#### DIRECTIONS
Word for word, please copy the listing below, with its pictures left out.

#### SUPPLIED MATERIAL
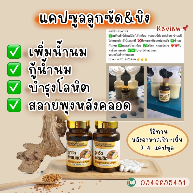 ลูกซัด(ของแท้)ผสมขิงเพิ่มน้ำนมแบบแคปซูล 1กระปุกมี30 แคปซูลทานได้ 1 เดือนทานดี ผลิตภัณฑ์ของแท้100%
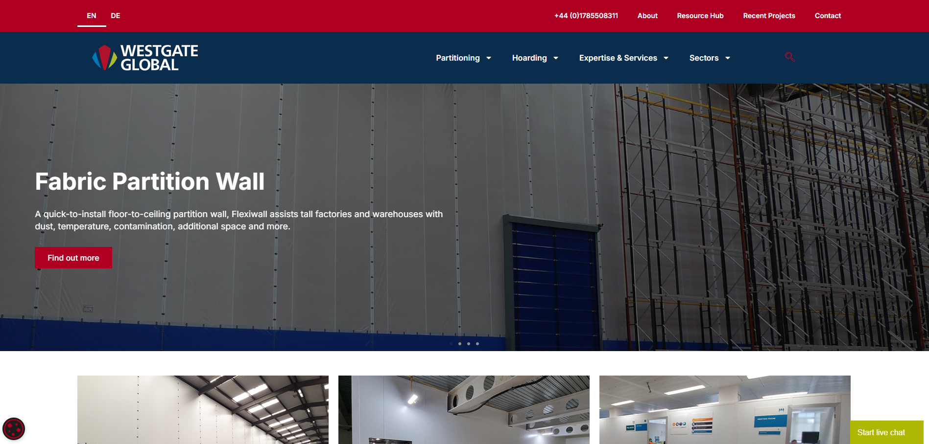 Westgate are market leaders in industrial factory and warehouse partitions, screens, doors and access solutions; construction and fit out hoarding screens; leisure, education and healthcare window film and blind solutions.
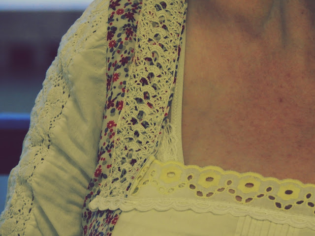 Kun olin ommellut tarpeeksi koristeita paitaan, virkkasin koristeet pyöriöihin. Tämän jälkeen leikkasin hihoista osan pois ja tein frillat kaulaliinasta, tämän jälkeen koristelin hihat erilaisin koristein. Mittasin sivusaumoille kiilat kaulaliinasta, jotka ompelin koneella sivusaumoihin. Tämän jälkeen ompelin hihasaumat myös kiinni.
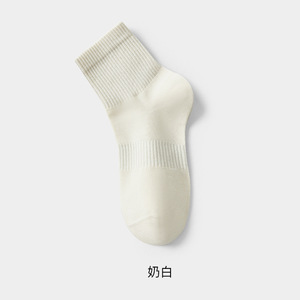 袜子女款春秋纯棉100%中筒袜无骨抗菌棉袜防臭运动黑白色全棉短袜

#### TASK RESPONSE
 ลูกซัด(ของแท้)ผสมขิงเพิ่มน้ำนมแบบแคปซูล 1กระปุกมี30 แคปซูลทานได้ 1 เดือนทานดี ผลิตภัณฑ์ของแท้100%
 Westgate are market leaders in industrial factory and warehouse partitions, screens, doors and access solutions; construction and fit out hoarding screens; leisure, education and healthcare window film and blind solutions.
 Kun olin ommellut tarpeeksi koristeita paitaan, virkkasin koristeet pyöriöihin. Tämän jälkeen leikkasin hihoista osan pois ja tein frillat kaulaliinasta, tämän jälkeen koristelin hihat erilaisin koristein. Mittasin sivusaumoille kiilat kaulaliinasta, jotka ompelin koneella sivusaumoihin. Tämän jälkeen ompelin hihasaumat myös kiinni.
 袜子女款春秋纯棉100%中筒袜无骨抗菌棉袜防臭运动黑白色全棉短袜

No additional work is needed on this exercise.